Friday, January 17, 2014

Common Knowledge: Beth Kephart loves her University of Pennsylvania memoir students, even the ones who drive her a little crazy at first with their wild tales and late assignments. We're working on the truth here, I tell them, eyebrows sternly bent, and eventually they settle down, they stretch their sentences, they find the story of their still unfolding lives.

It was with great pleasure, then, that I read Graduates in Wonderland: True Dispatches from Down the Rabbit Hole (Gotham Books), a book that you'll be able to buy (you'll want to buy) come May. Its authors are Jessica Pan and Rachel Kapelke-Dale, two friends who met at Brown, graduated to adventures in Beijing and Australia (that would be Jessica), Chelsea and Paris (that would be Rachel), and never lost sight of each other. They are wandering and wondering. They are underemployed and richly challenged. They are ashamed, surprised, delighted, hoping, never precisely sure, but then again, perhaps (at last) they are sure—at least of some things. They are growing up, that's what they are. And in Graduates in Wonderland, we watch it happen.

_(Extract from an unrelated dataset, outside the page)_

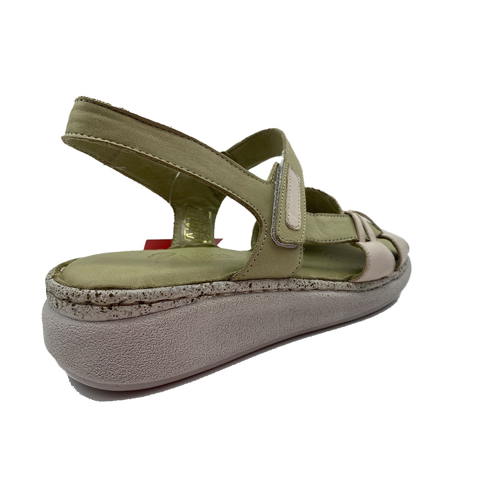 1415 sandalia todo en piel treintas crema y verde

We watch it happen charmed.

Back and forth, the two friends write. Rachel of a bad boss, a demanding shrink, an apartment built for one and inhabited by three, dreams of Paris, dreams in Paris, the study of cinematography and the making of a novel. Jess of her ex-pat life in Beijing, of a magazine she edits, of wrong guys, of a right guy, of a preemptive almost honeymoon in Malaysia, of Australia where she settles (for a short while) to be closer to Mr. Right. Mistakes get made. Questions aren't answered. So much in this life, in this world, is flimsy, but not this friendship.

Rachel and Jess have done an extraordinary job, in the creation of this book, of turning an epistolary life story into something richly tender, and genuinely suspenseful. We read to know them. We also read to find out what happens. The intimacy here, is not just between the writers, but with the readers. There's a blessed absence of unparsable inside jokes. This is no aggressive staging of scenes for dramatic effect. There is zero sense that the living is getting done for the sake of a book sometime later. In Graduates in Wonderland, we find  two smart girls casting wide nets and reporting back from the front. Two smart—and funny—young women who love each other, root for each other, advise each other, miss each other, need each other, wouldn't be who they are without each other.

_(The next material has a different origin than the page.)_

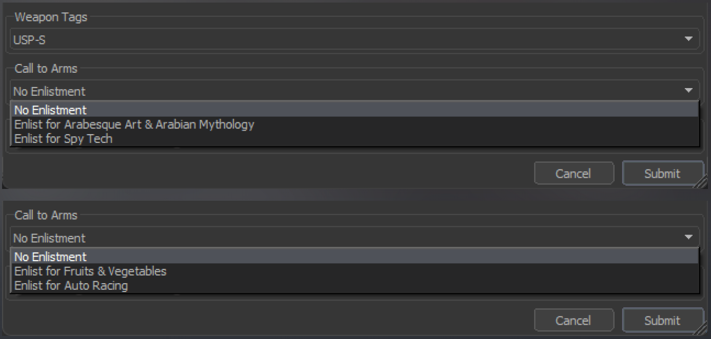 Valve traditionally employ a “targeted themes” model, guiding the community within specific stylistic boundaries. This time, the developers focused on two artistic directions for weapon finishes and two conceptual themes for stickers.

Here is Jess, writing to Rachel, who is keen to hear back regarding an application to the Sorbonne:
Don't rest all of your life expectations on one outcome. When you have no expectations, you don't lose all that money on wasted ribbons and polo shirts. I flew to Beijing without knowing a thing about what to expect or what to bring. Granted, I also had to live without deodorant and the correct prescription contact lenses for two months, but I survived. And so will you! Even if you don't get into your program, there will always be other ways to get to Paris and other ways to change your life.
I'm an old lady now, and one of my greatest life regrets is that I always lived so responsibly, so attuned to what was expected of me and what I might be able to do for others, what job I might do and how best I might do it, that I forsook adventure. But I've adventured forth now with Jess and Rachel, and I have returned with a warm, good feeling in my heart. I have showered over a toilet (or almost) and had my share of almond croissants and gone to Melbourne, where I mispronounce the city's name. I have had to decide, and I have decided, and I have made it to London, just in time.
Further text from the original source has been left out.